[I’ve updated this series with information based on the new Havana release and changes in vSphere integration with the latest version of OpenStack. Any changes are prefaced with the word “Havana” in bold brackets]
I am often asked by customers to compare the capabilities of OpenStack to the vCloud Suite and KVM to vSphere. specifically, the questions revolve around features in vSphere, such as High Availability (HA), Distributed Resource Scheduler (DRS), and vMotion. These customers want to know if they should choose to use KVM with OpenStack, will they be able to use comparable features to what is available with vSphere? This is a common question since KVM, like OpenStack, is open sourced and is the default hypervisor used when installing OpenStack. Continuing on from part 1 and part 2 of this series, where I reviewed the architecture of vSphere with OpenStack Nova and DRS, I will be spending some time on HA and vMotion before moving on to design and implementation details of vSphere with OpenStack in upcoming posts. Please also see part 4 for my post on Resource Overcommitment and part 5 for Designing a Multi-Hypervisor Cloud.
High Availability
As most readers of this post will know, High-Availability (HA) is one of the most important features of vSphere, providing resiliency at the compute layer by automatically restarting VMs on a surviving ESXi host when the original host suffers a failure. HA is such a critical feature, especially when hosting applications that do not have application level resiliency but assume a bulletproof infrastructure, that many enterprises consider this a nonnegotiable when considering moving to another hypervisor such as KVM. So, it’s often a surprise when customers hear that OpenStack does not have the ability natively to auto-restart VMs on another compute node when the original node fails.

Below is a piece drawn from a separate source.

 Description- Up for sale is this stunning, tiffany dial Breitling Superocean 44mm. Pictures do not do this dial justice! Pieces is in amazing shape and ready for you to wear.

In lieu of vSphere HA, OpenStack uses a feature called “Instance Evacuation” in the event of a compute node failure (keep in mind that outside of vSphere, a Nova Compute node also functions as the hypervisor and hypervisor management node). Instance Evacuation is a manual process that essentially leverages cold migration to make instances available again on a new compute node.
At a high-level, the steps for Instance Evacuation is as follows (performed by a Cloud Administrator):
- Use the nova host-list command to list all compute nodes under management.

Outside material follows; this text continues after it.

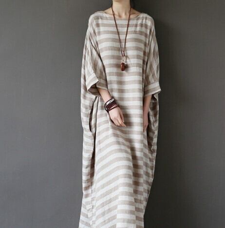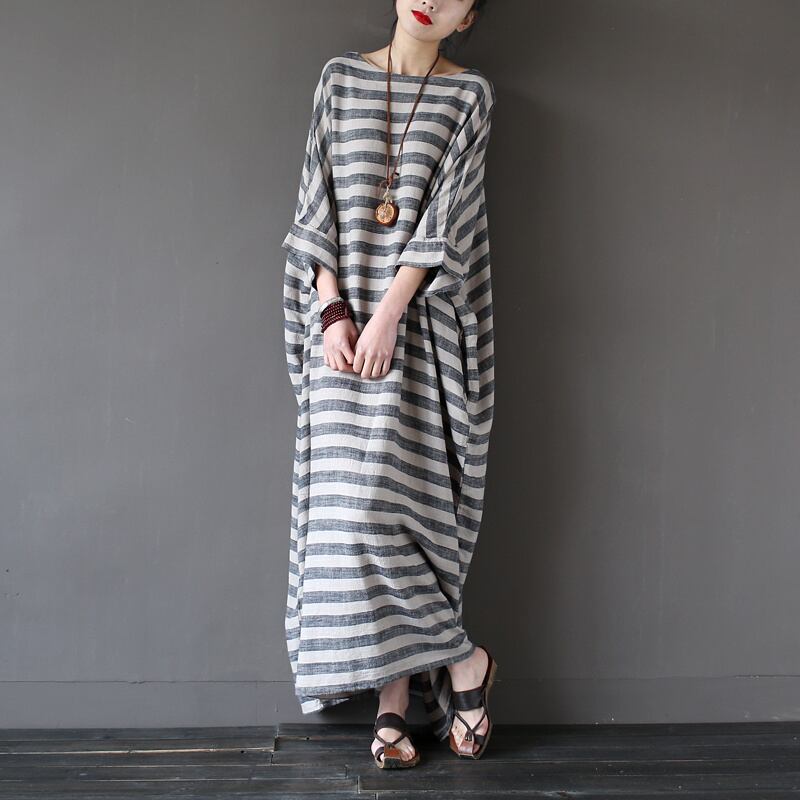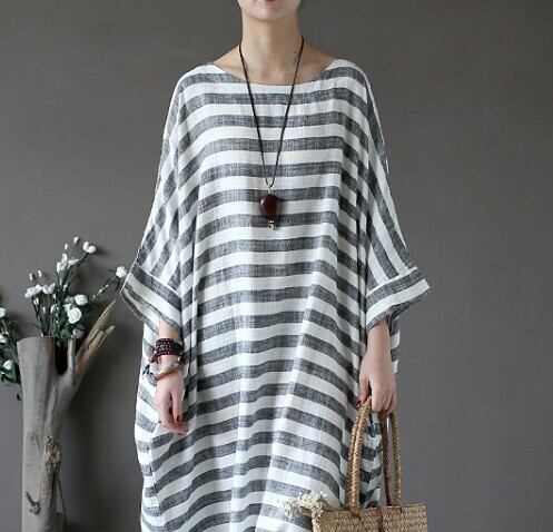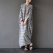 リゾートワンピ ワンピース 3色 テントラインワンピース ロング丈 マキシ丈 ラウンドネック 丸首 バルーンスリーブ ストライプ ボーダー トレンド ラフ カジュアル おしゃれ 大人可愛い 森ガール ゆったり エスニック 春 春物 春コーデ 春服 普段着 部屋着 ルームウェア cnalbn0485

- Choose an appropriate compute node (If user data needs to be preserved, the target compute node must have access to the same shared storage used by the failed compute node).
- When the nova evacuate command is invoked, Nova Compute reads the database that stores the configuration data for the downed instances and essentially “rebuilds” the instances on the chosen compute node, using that stored configuration data.
- With Instance Evacuation, the recovered instance behaves differently when it is booted on the target compute node, depending on if it was deployed with or without shared storage:
- With Shared Storage – User data is preserved and server password is retained
- Without Shared Storage – The new instance will be booted from a new disk but will preserve configuration data, e.g. hostname, ID, IP address, UID, etc.. User data, however, is not preserved and a new server password is regenerated.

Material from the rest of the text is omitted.